(Beginning of Material provided)

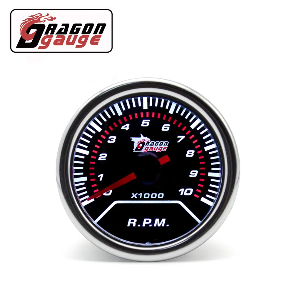 「 Тахометр DRAGON 「 52 мм, измеритель оборотов в минуту, указатель отображения 0 ~ 10*1000 об/мин, автомобильный манометр с белой подсветкой подходит для автомобиля 12 В
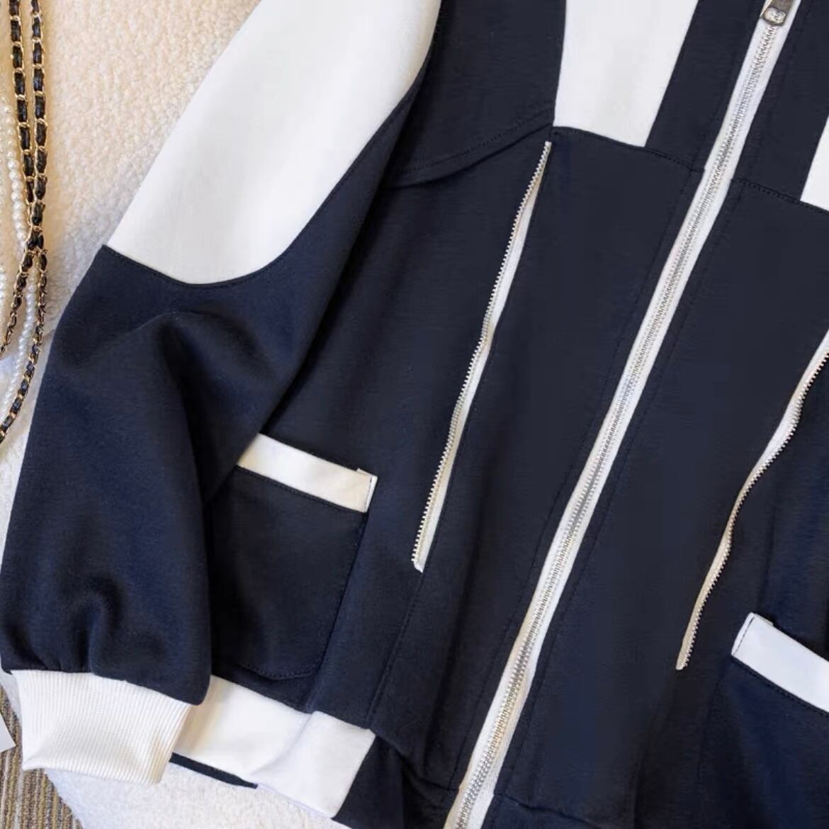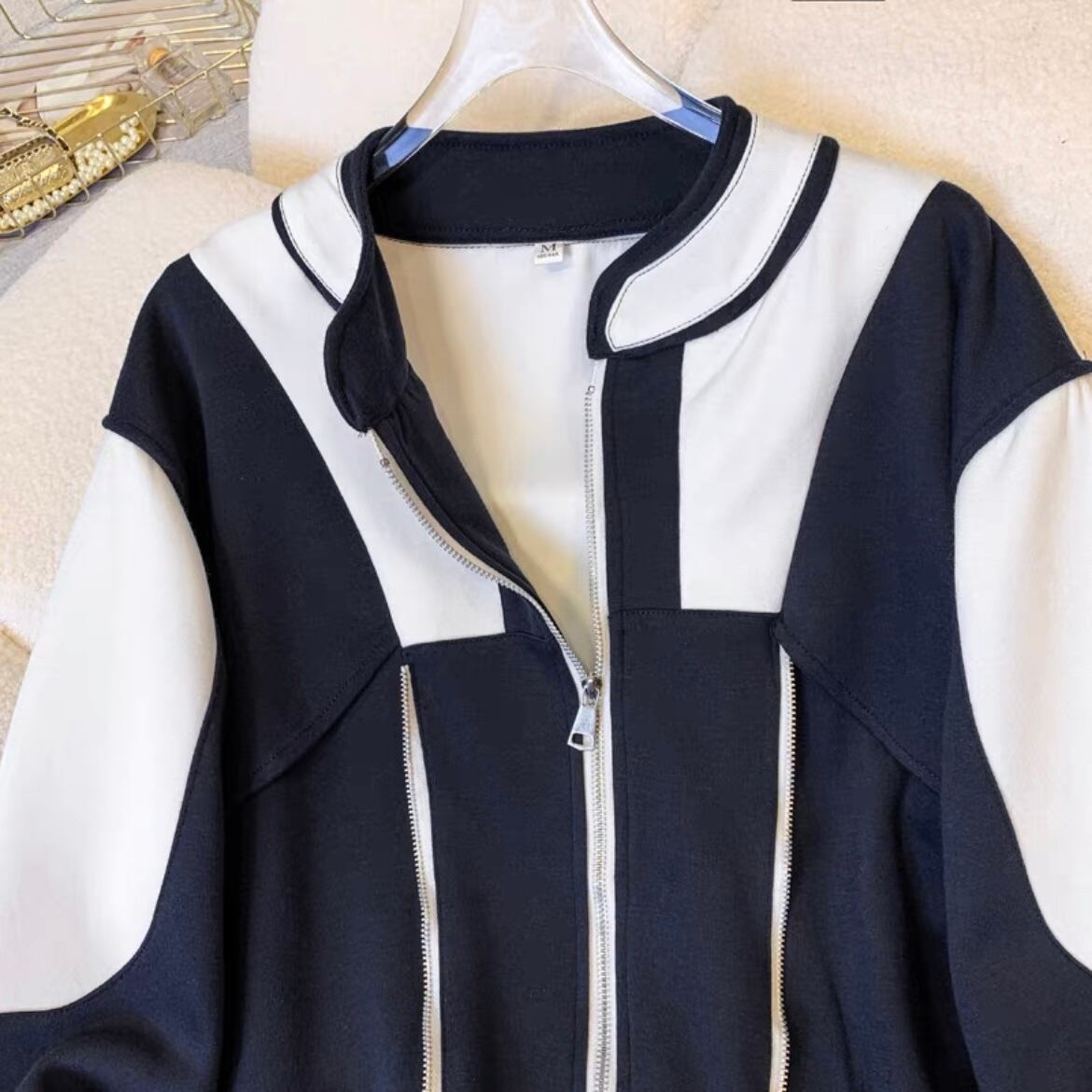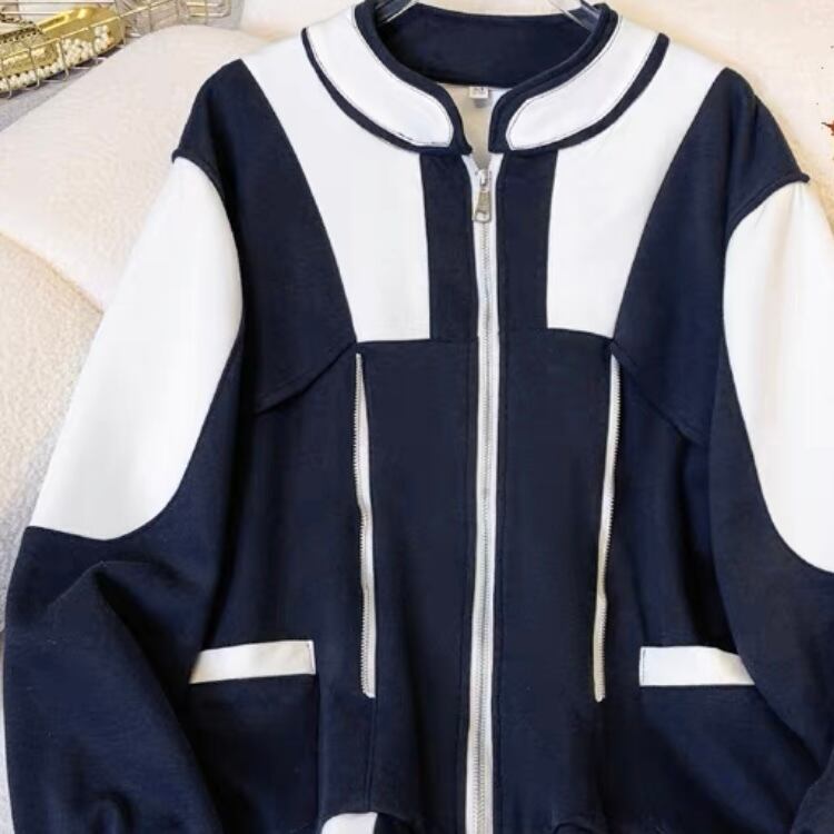TS-0023 配色 起毛 ジッパー レディース カジュアル トップス シンプル 可愛い クール ナチュラル お洒落
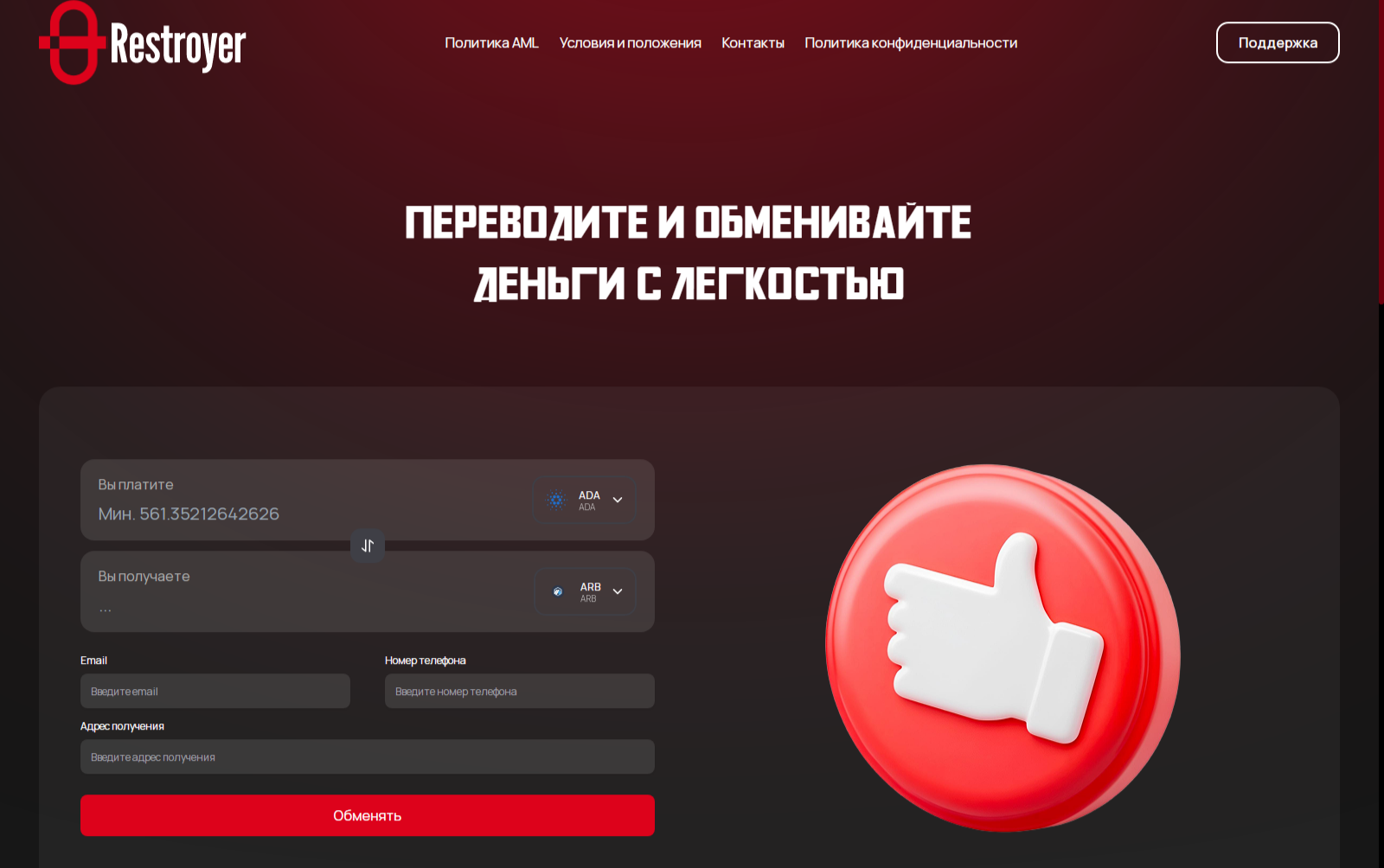 Restroyer — сервис для обмена и перевода криптовалютных активов. Авторы заявляют, что здесь можно быстро, легко и безопасно совершать операции. Популярностью на просторах сети он не пользуется.

(End of Material provided)

Task objective -
Write out all of the data above exactly, without any of its pictures.

Task result -
 「 Тахометр DRAGON 「 52 мм, измеритель оборотов в минуту, указатель отображения 0 ~ 10*1000 об/мин, автомобильный манометр с белой подсветкой подходит для автомобиля 12 В
TS-0023 配色 起毛 ジッパー レディース カジュアル トップス シンプル 可愛い クール ナチュラル お洒落
 Restroyer — сервис для обмена и перевода криптовалютных активов. Авторы заявляют, что здесь можно быстро, легко и безопасно совершать операции. Популярностью на просторах сети он не пользуется.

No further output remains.